Wanda K. Farr received a bachelor's degree in biology from Ohio University at Athens in 1915 and a master's degree studying Botany at Columbia University in 1918. After graduating from Columbia, she taught at Kansas State University and Texas A&M University.

Around 1928, after marrying botanist Clifford Farr, Wanda Farr postponed enrolling in a Ph.D. program in order to move with her husband to Washington University in St.

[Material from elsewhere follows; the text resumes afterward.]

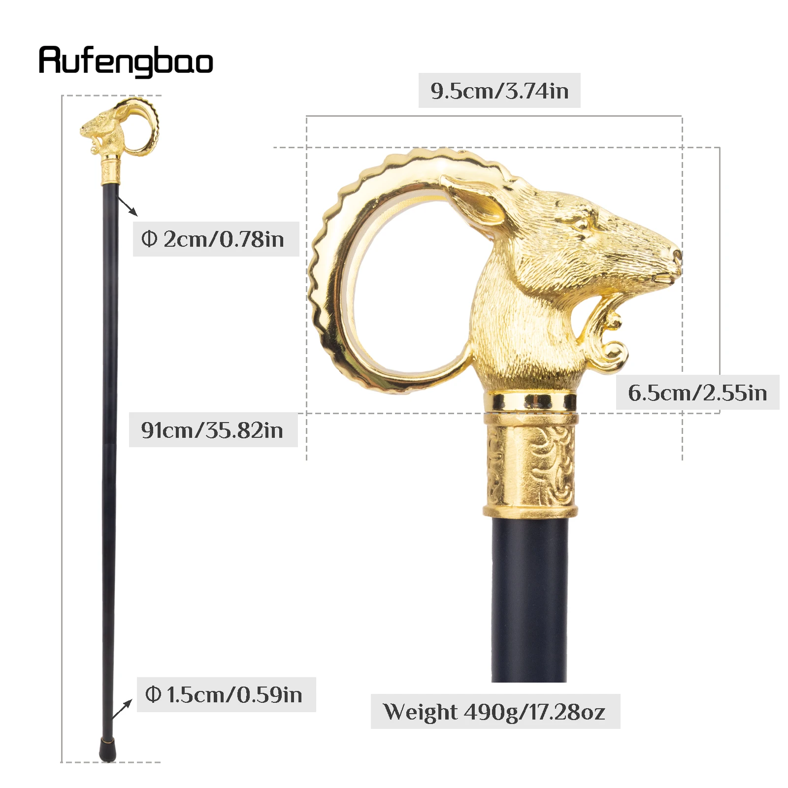 Golden Goat Sheep Animal Single Joint Walking Stick with Hidden Plate Self Defense Fashion Cane Cosplay Crosier Stick 91cm

Louis. There, she began working as a researcher under Montrose Burrows at the Barnard Skin and Cancer Clinic, and her husband began working as an assistant professor in botany at the same university. Farr performed microscopy on live animal and plant cell cultures.

In February 1928, Clifford Farr died and the university asked Farr to teach his classes. She began research related to her late husband's work studying the growth of root hairs in plants.

Within a few years, Wanda Farr was hired by the U.S. Department of Agriculture as a cotton technologist on the strength of her previous root hair research. She moved to the Boyce Thompson Institute laboratory in Yonkers, New York. After approximately ten years of research, she was appointed as Director of the Cellulose Laboratory of the Chemical Foundation at the same institute, until she was called to the laboratories of the American Cyanimide Company to do World War II war-related research.

She was elected in 1930 a Fellow of the American Association for the Advancement of Science (AAAS). In 1956, she started her own research firm, Farr Cyochemical Laboratories. The Royal Microscopical Society elected her a fellow. She was also a member of the Botanical Society of America and the Torrey Botanical Club.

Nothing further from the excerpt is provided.